The input section start

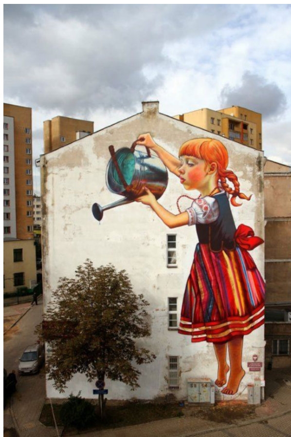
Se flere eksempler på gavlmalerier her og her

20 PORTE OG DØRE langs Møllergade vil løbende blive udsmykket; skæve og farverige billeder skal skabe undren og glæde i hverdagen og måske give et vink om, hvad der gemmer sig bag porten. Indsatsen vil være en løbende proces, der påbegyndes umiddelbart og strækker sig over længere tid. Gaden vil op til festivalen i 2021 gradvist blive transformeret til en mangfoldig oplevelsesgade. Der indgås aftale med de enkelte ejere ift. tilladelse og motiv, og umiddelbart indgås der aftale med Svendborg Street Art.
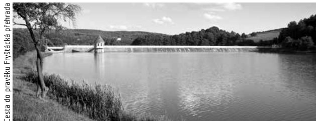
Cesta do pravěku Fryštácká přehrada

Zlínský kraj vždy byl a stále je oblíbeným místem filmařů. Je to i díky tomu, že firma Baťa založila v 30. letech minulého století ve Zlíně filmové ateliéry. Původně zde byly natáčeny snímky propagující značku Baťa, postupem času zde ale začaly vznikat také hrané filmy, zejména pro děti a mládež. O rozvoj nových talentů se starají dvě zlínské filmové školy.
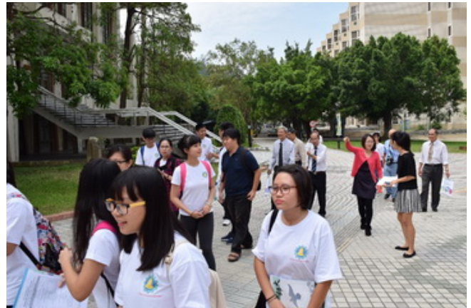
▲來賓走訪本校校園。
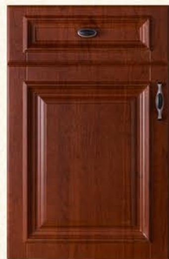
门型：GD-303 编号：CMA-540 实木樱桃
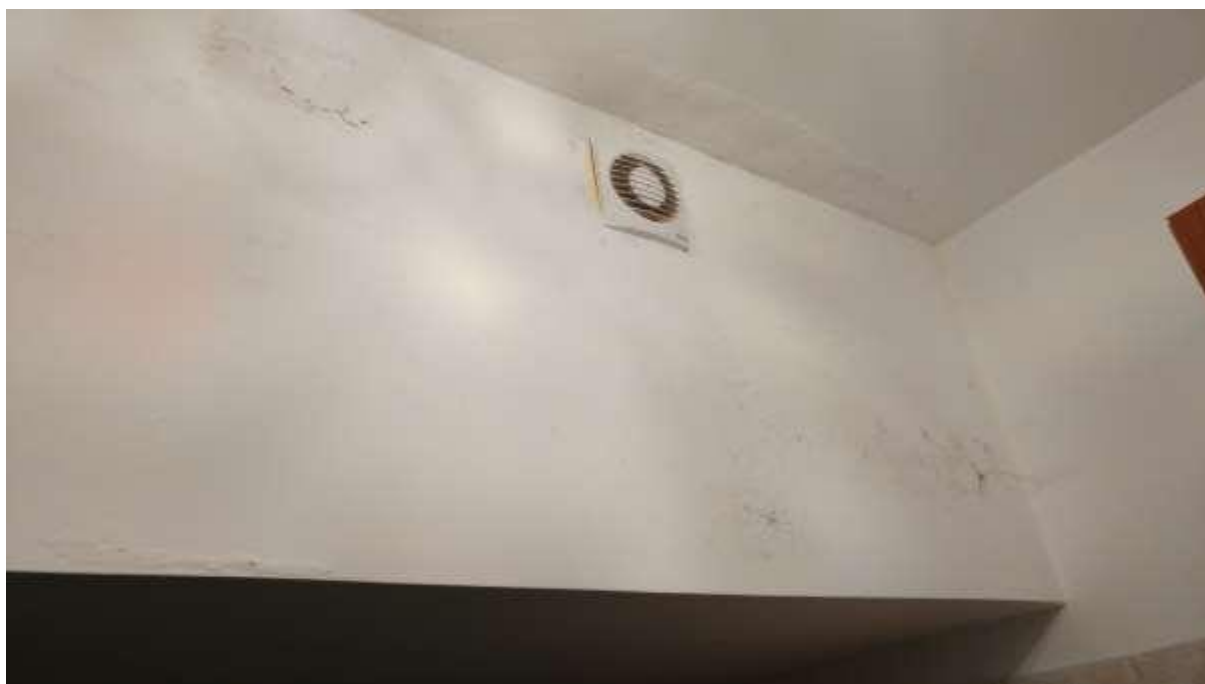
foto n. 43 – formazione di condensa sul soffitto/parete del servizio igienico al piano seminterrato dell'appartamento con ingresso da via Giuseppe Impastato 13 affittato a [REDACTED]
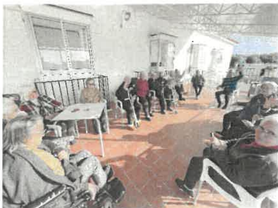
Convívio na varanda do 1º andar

The input section end

Images stay out; everything else in the records must be given again exactly.

• Response to the exercise:
Se flere eksempler på gavlmalerier her og her

20 PORTE OG DØRE langs Møllergade vil løbende blive udsmykket; skæve og farverige billeder skal skabe undren og glæde i hverdagen og måske give et vink om, hvad der gemmer sig bag porten. Indsatsen vil være en løbende proces, der påbegyndes umiddelbart og strækker sig over længere tid. Gaden vil op til festivalen i 2021 gradvist blive transformeret til en mangfoldig oplevelsesgade. Der indgås aftale med de enkelte ejere ift. tilladelse og motiv, og umiddelbart indgås der aftale med Svendborg Street Art.
Cesta do pravěku Fryštácká přehrada

Zlínský kraj vždy byl a stále je oblíbeným místem filmařů. Je to i díky tomu, že firma Baťa založila v 30. letech minulého století ve Zlíně filmové ateliéry. Původně zde byly natáčeny snímky propagující značku Baťa, postupem času zde ale začaly vznikat také hrané filmy, zejména pro děti a mládež. O rozvoj nových talentů se starají dvě zlínské filmové školy.
▲來賓走訪本校校園。
门型：GD-303 编号：CMA-540 实木樱桃
foto n. 43 – formazione di condensa sul soffitto/parete del servizio igienico al piano seminterrato dell'appartamento con ingresso da via Giuseppe Impastato 13 affittato a [REDACTED]
Convívio na varanda do 1º andar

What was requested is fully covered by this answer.